Essential oils and carrier oils

An essential oil is a concentrated liquid extracted from plants and used as an ingredient in personal care products. Essential oils can be inhaled or applied to the skin. While many fragrance oils and essential oils are safe to use, they should be researched properly as many cannot be used full strength on the skin. A carrier oil is an extract used to suspend or carry a fragrance or essential oil. Carrier oils are skin-safe. Commonly used carrier oils are olive oil and grapeseed oil.

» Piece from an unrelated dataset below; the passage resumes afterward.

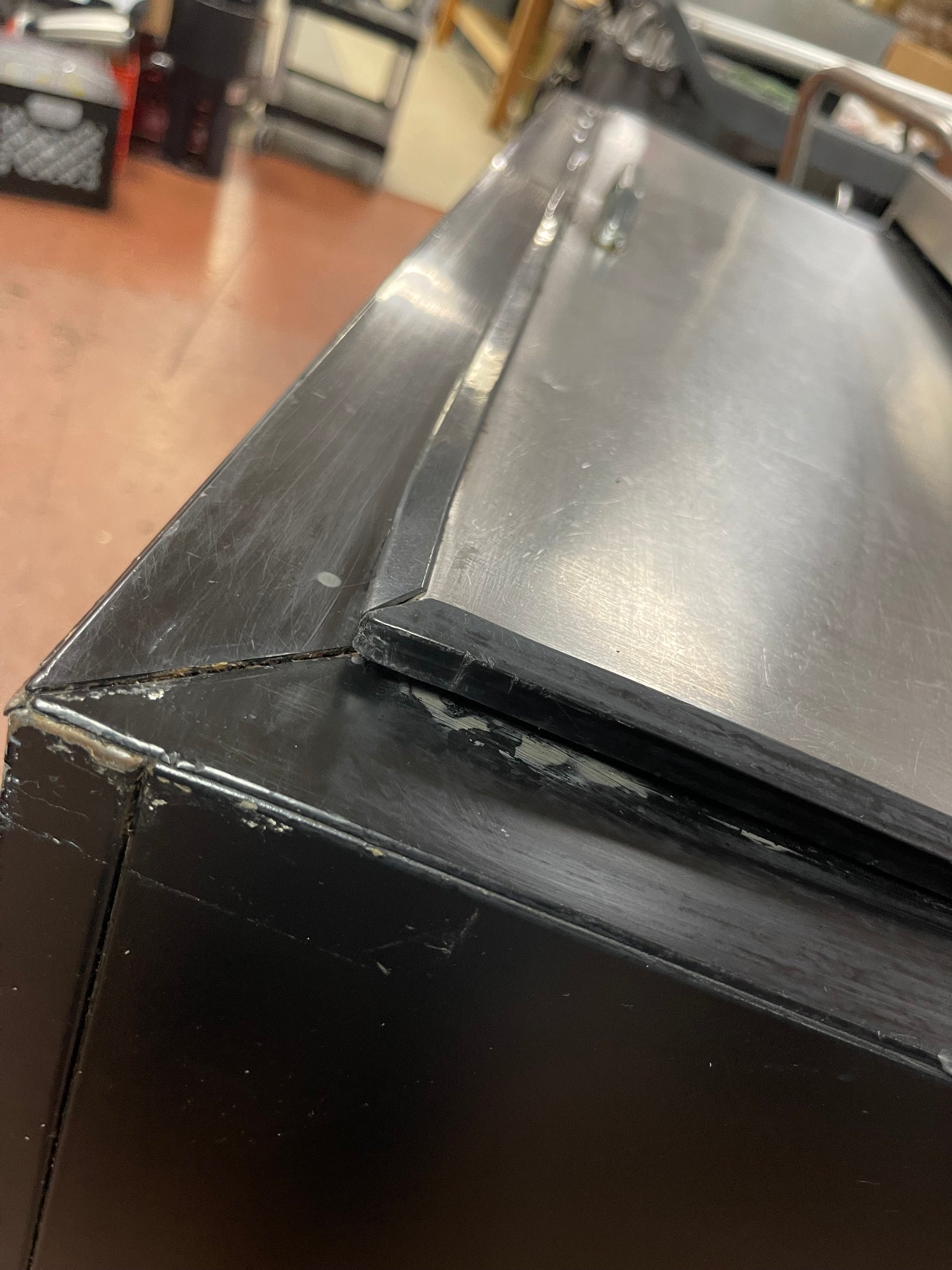 This glass froster is used but has been cleaned and tested. There are scuffs and scratches on it from use. This just had a new fan motor installed.

Viscosity is the measurement of a liquid and its resistance to movement and flow. Some personal care products, such as mouthwashes, eyedrops and lotions, have a thin viscosity. Others, such a toothpastes and liquid hand soaps, have a thicker viscosity. Manufacturers produce toiletries in a variety of viscosities to appeal to a wider market.

Saponifier Magazine

This magazine is known for its support of handcrafted soap, toiletries, cosmetics, and candles. It includes industry updates as well as a directory of supplies and services for those in the cosmetic and toiletries industry.


The Cosmetics, Toilet Goods, and Fragrances Association, now known as the Personal Care Products Council is an organization that helps consumers better understand safety issues in the personal care products and cosmetics industry.


IUPAC is the International Union for Pure and Applied Chemistry. This organization ordains rules and standards for the declaration and naming of any pure chemical. An international standard of names and symbols, as well as weights and measures of chemical solutions is important for the continued development of cosmetics and toiletries as pertaining to international trade and commerce.